Hamilton's equations are derived by calculating the derivative of \(H\) and using the definition of \(p_i=\d L/\d\dot{q}_i\) together with Lagrange's Equations, which become \(\d L/\d q_i = \dot{p}_i\): \[ \begin{split} dH &= \sum \left( \dot{q}_i dp_i + p_i d\dot{q}_i - \frac{\d L}{\d q_i}dq_i - \frac{\d L}{\d\dot{q}_i}d\dot{q}_i \right) - \frac{\d L}{\d t}dt \\ &= \sum\left( \dot{q}_i dp_i + p_i d\dot{q}_i - \dot{p}_i dq_i - p_i d\dot{q}_i \right) - \frac{\d L}{\d t}dt \\ &= \sum\left( \dot{q}_i dp_i - \dot{p}_i dq_i \right) - \frac{\d L}{\d t}dt \end{split} \] On the other hand, from first principles, \[ dH = \sum\left( \frac{\d H}{\d p_i}dp_i + \frac{\d H}{\d q_i}dq_i \right) + \frac{\d H}{\d t}dt \] and so, comparing coefficients, one obtains Hamilton's Equations: \[ \begin{split} \frac{\d H}{\d p_i} &= \dot{q}_i \\ \frac{\d H}{\d q_i} &= -\dot{p}_i\\ \frac{\d H}{\d t} &= - \frac{\d L}{\d t} \end{split} \]
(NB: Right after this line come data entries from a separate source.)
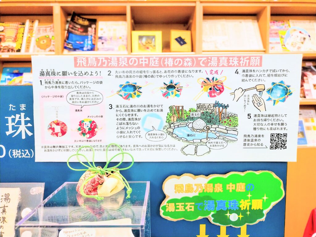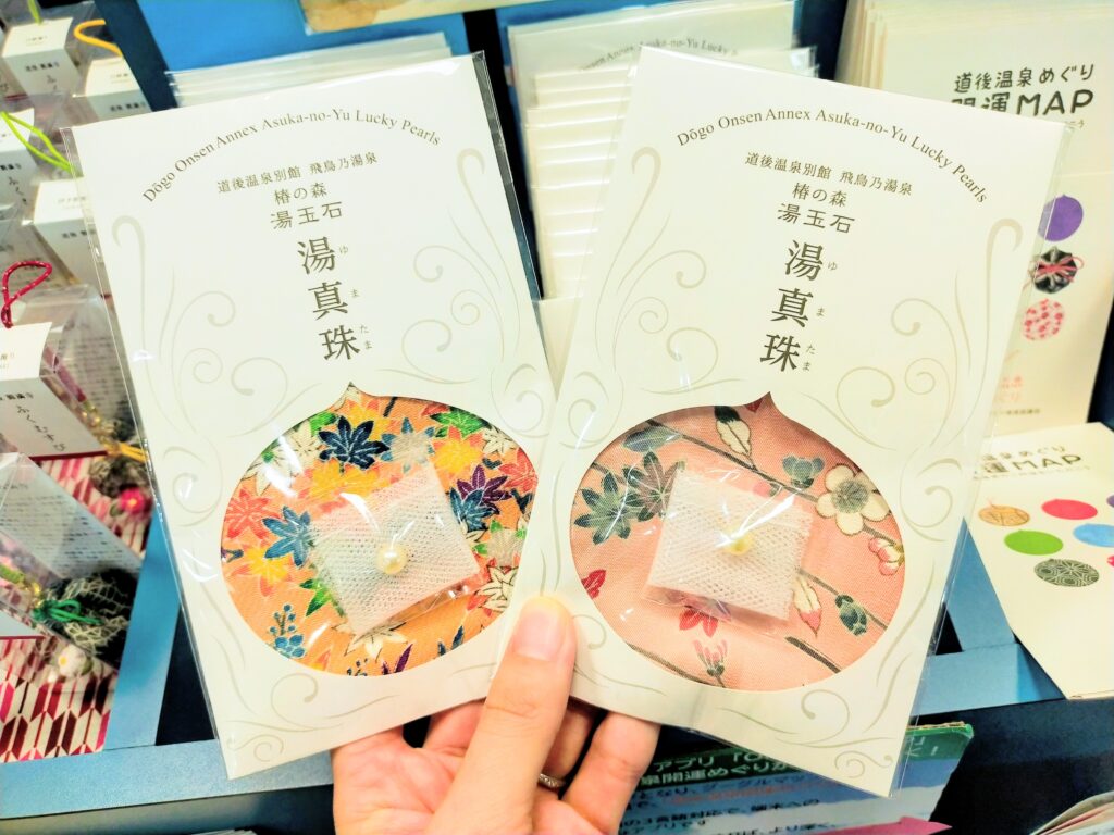 道後温泉別館の「飛鳥乃湯泉」の中庭で、自分の願いを込めて「湯真珠」に温泉のお湯をかけて祈願するんだそうです。
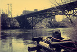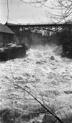 Description :VUE SUR LE PONT WOLFE A LA HAUTEUR DE LA RUE BELVEDERE NORD. A DROITE, LE CENTRALE FRONTENAC. EN ARRIERE-PLAN, LA MAGOG WOOLEN MILLS. AU-DESSOUS DU PONT, LA RIVIERE MAGOG.
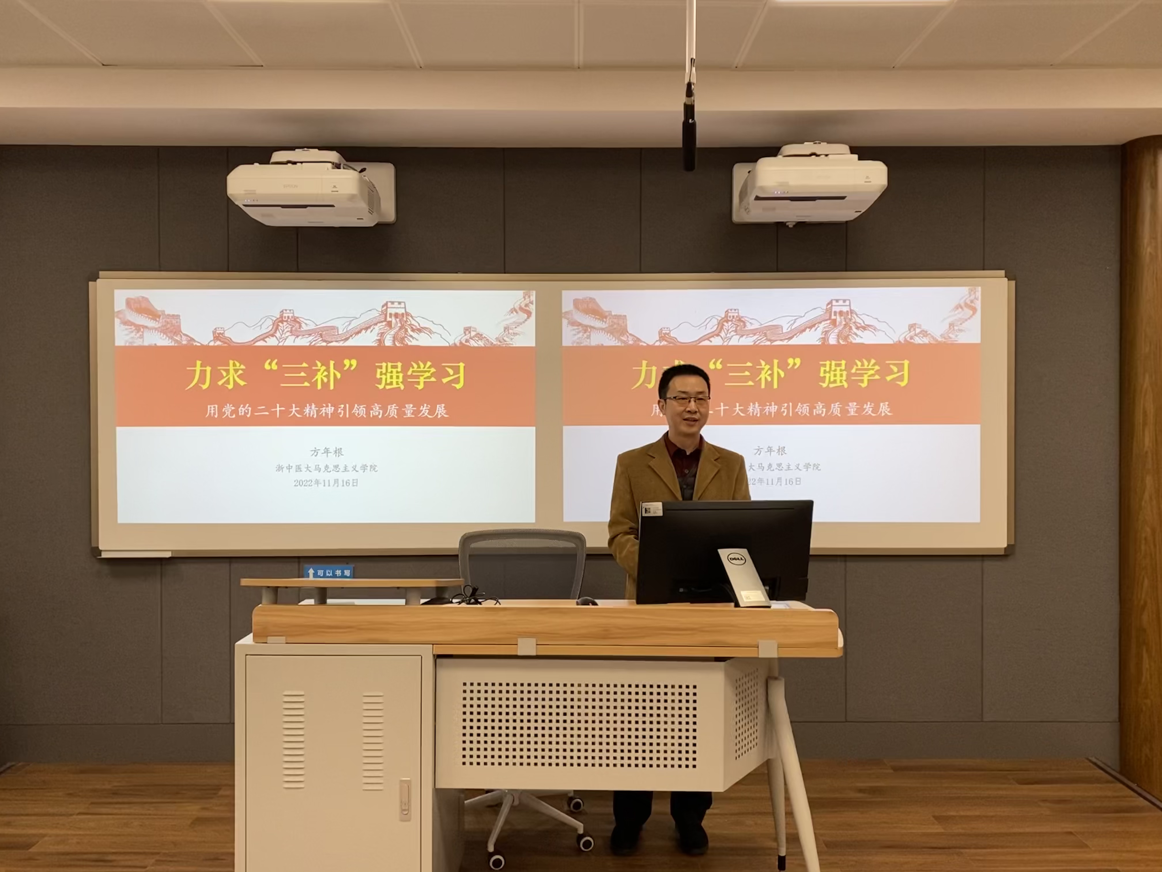 方年根书记以《力求“三补”强学习------用党的二十大精神引领高质量发展》为题,从弄清为何学以促“知”、明确目标学以求“效”、把握本质学以笃“行”三个方面作了党的二十大精神宣讲。关于弄清为何学以促“知”问题,他重点从会议精神极重要、学习本身很紧要、问题导向亟需要等三个层次进行了阐述。关于明确目标学以求“效”问题,他从党中央的部署要求和校院两级党组织的具体要求两个方面进行了分析,尤其强调要通过学习力求达到以学补精神之钙、以学补品行之失、以学补进取之气的学习目标。关于把握本质学以笃“行”问题,他在阐明“三补”的本质在于立德的基础上,要求公司教职工在日常工作中勤修“八德”,崇德修身勇实践,拉高标杆作贡献,撸起袖子加油干,同心共圆公司梦、公司梦、中国梦。
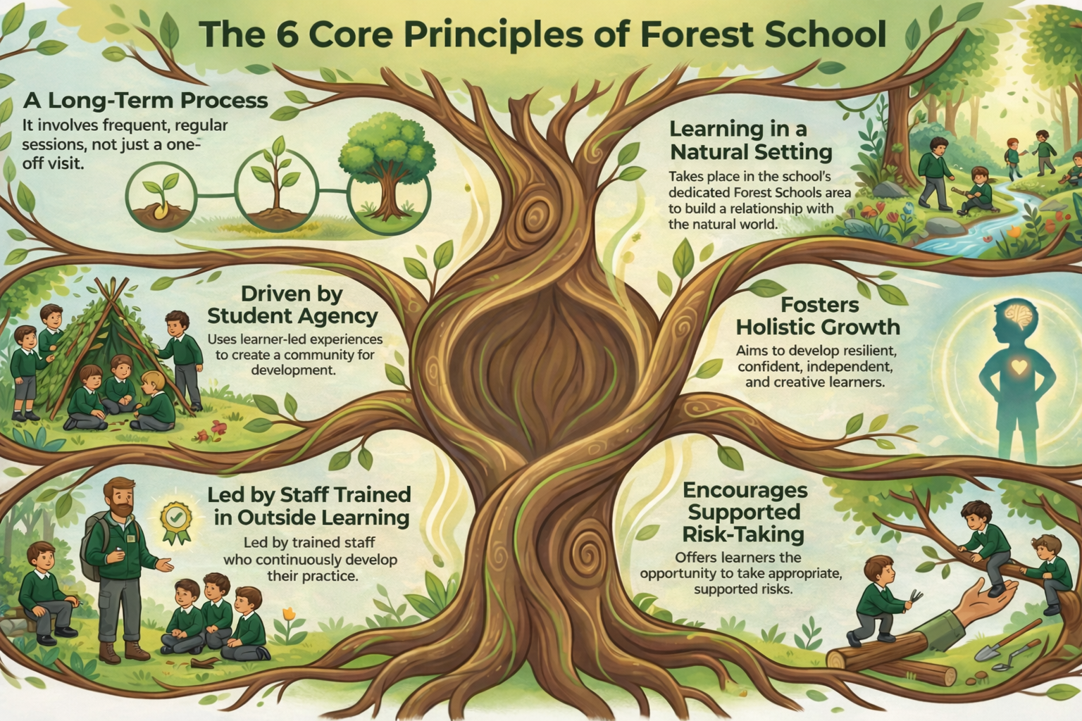 Forest School sessions are led by staff trained in Outdoor Learning, who continually develop their practice to ensure children experience high-quality, safe and inspiring sessions.
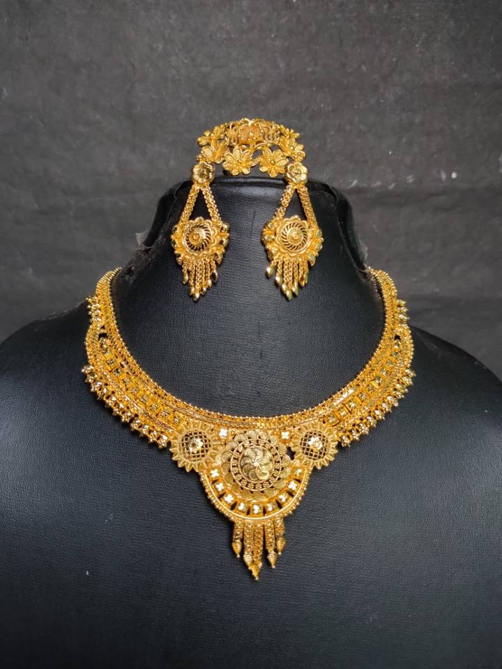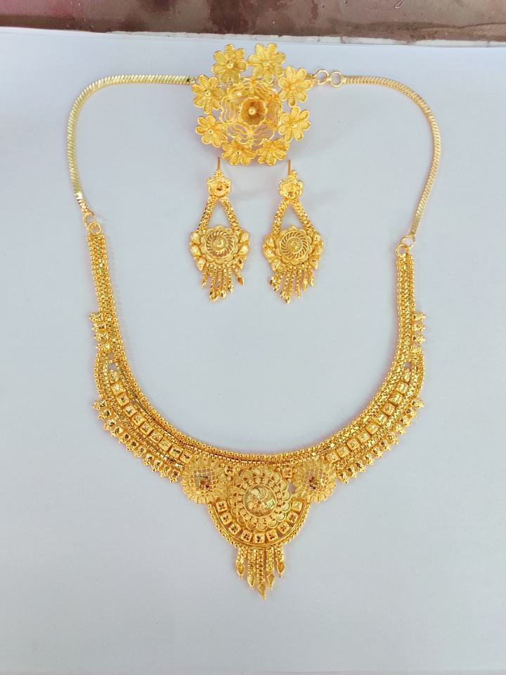 ชุดแหวนต่างหูสร้อยคอพร้อมชุดเครื่องประดับสไตล์หรูหราชุบทอง22K
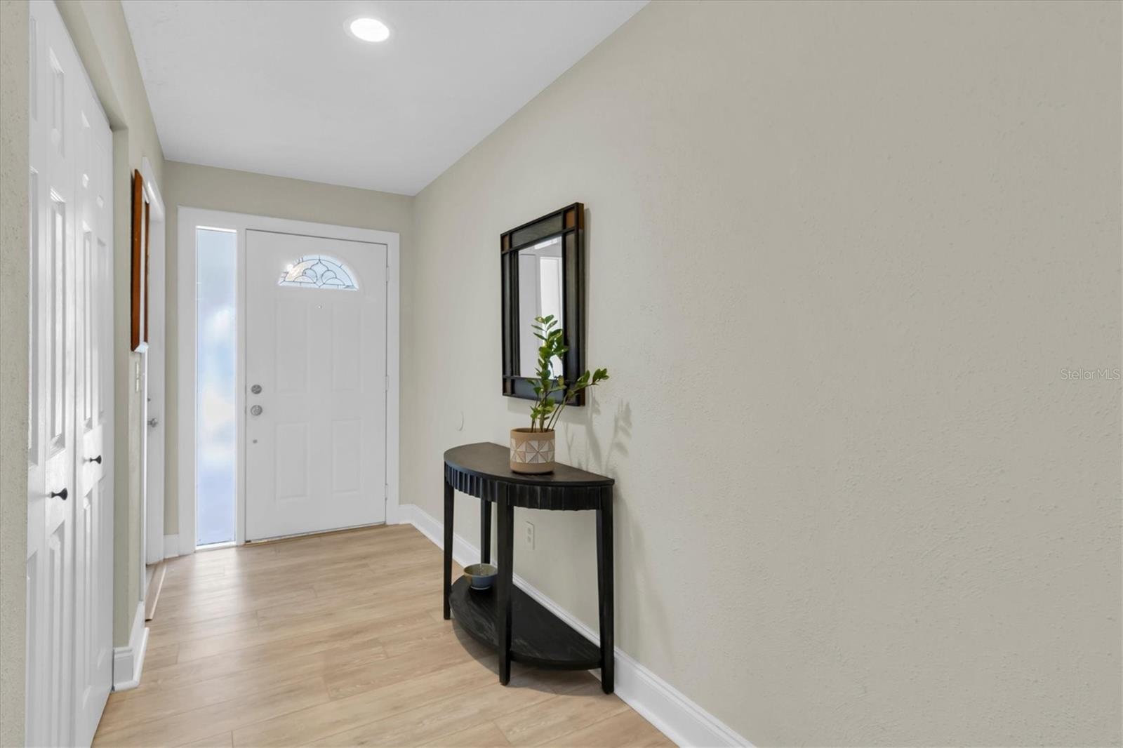 Brand New LVP Flooring just installed with lifetime warranty, transferrable to new owner makes this home "Move-In Ready". Beautifully maintained 3 bedroom, 2 bath, 2 car garage family home with wonderful open floor plan for entertaining, family gatherings, or cozy evenings. Dream kitchen with granite countertops, stainless steel appliances, wood cabinets and custom lighting is open to living, and dining rooms making the space very inviting. A year round "Sun Room" flows from the kitchen and is fully enclosed with glass windows, complete with mini split ac/heating unit making it useable and comfortable during summer and winter months. Relax and unwind in this space which brings the outdoors inside while remaining comfortable. The completely fenced yard and tropical landscaping creates your own private oasis. This private neighborhood has underground utilities, sidewalks, and its own entrance to Largo Recreational Center's Park. Perfect for nature lovers with walking trails. Close to the gorgeous Gulf beaches just 10 minutes away yet safe and secure in this "NO FLOOD ZONE" and "No Flood Insurance Required". Centrally located close to shopping, restaurants, recreation centers, parks, golf courses, and easy commuting. Room measurements are approximate and should be verified.

Example 4. A charged particle of charge \(e\) is moving in an electric field \(\mathbf{E}\) and magnetic field \(\mathbf{B}\). From two of Maxwerll's Laws \[ \nabla\cdot\mathbf{B} = 0 \quad\text{and}\quad \nabla\times\mathbf{R} = -\frac{\d \mathbf{B}}{\d t} \] Thus there is a vector field \(\mathbf{A}\) and a scalr field \(\phi\) such that \[ \mathbf{B} = \nabla\times\mathbf{A} \quad\text{and}\quad \mathbf{E} = -\nabla\phi - \frac{\d\mathbf{A}}{\d t} \] The Lagrangian for this system (in Cartesian coordinates) is \[ L = \frac{1}{2}m \dot{\mathbf{q}}^2 + e \mathbf{A}\cdot\dot{\mathbf{q}} - e\phi \] (I don't really know why this is -- I want to understand this better!!) So in this case the canonical momenta \(p_i\) are \[ p_i = \frac{\d L}{\d \dot{q_i}} = m\dot{q_i} + e A_i \] and so \[ m\dot{\mathbf{q}} = \mathbf{p} - e\mathbf{A} \] Thus the Hamiltonian is \[ \begin{align} H &= \mathbf{p}\cdot\dot{\mathbf{q}} - L \\ &= \frac{1}{m} \mathbf{p}\cdot(\mathbf{p} - e\mathbf{A}) - \frac{1}{2m}(\mathbf{p} - e\mathbf{A})^2 - \frac{e}{m}\mathbf{A}\cdot(\mathbf{p} - e\mathbf{A}) + e\phi \\ &= \frac{1}{2m}(\mathbf{p} - e\mathbf{A}) \cdot [2\mathbf{p} - (\mathbf{p} - e\mathbf{A}) - 2e\mathbf{A}] + e\phi \\ &= \frac{1}{2m}(\mathbf{p} - e\mathbf{A})^2 + e\phi \end{align} \] The quantized version of this (obtained by quantizing the canonical momenta) is \[ i\hbar\frac{d\Psi}{dt} = \hat{H}\psi \] where \[ \hat{H}\Psi = \left[\frac{1}{2m}\left( -i\hbar\frac{d}{dx} - e \mathbf{A} \right)^2 + e\phi\right]\Psi \]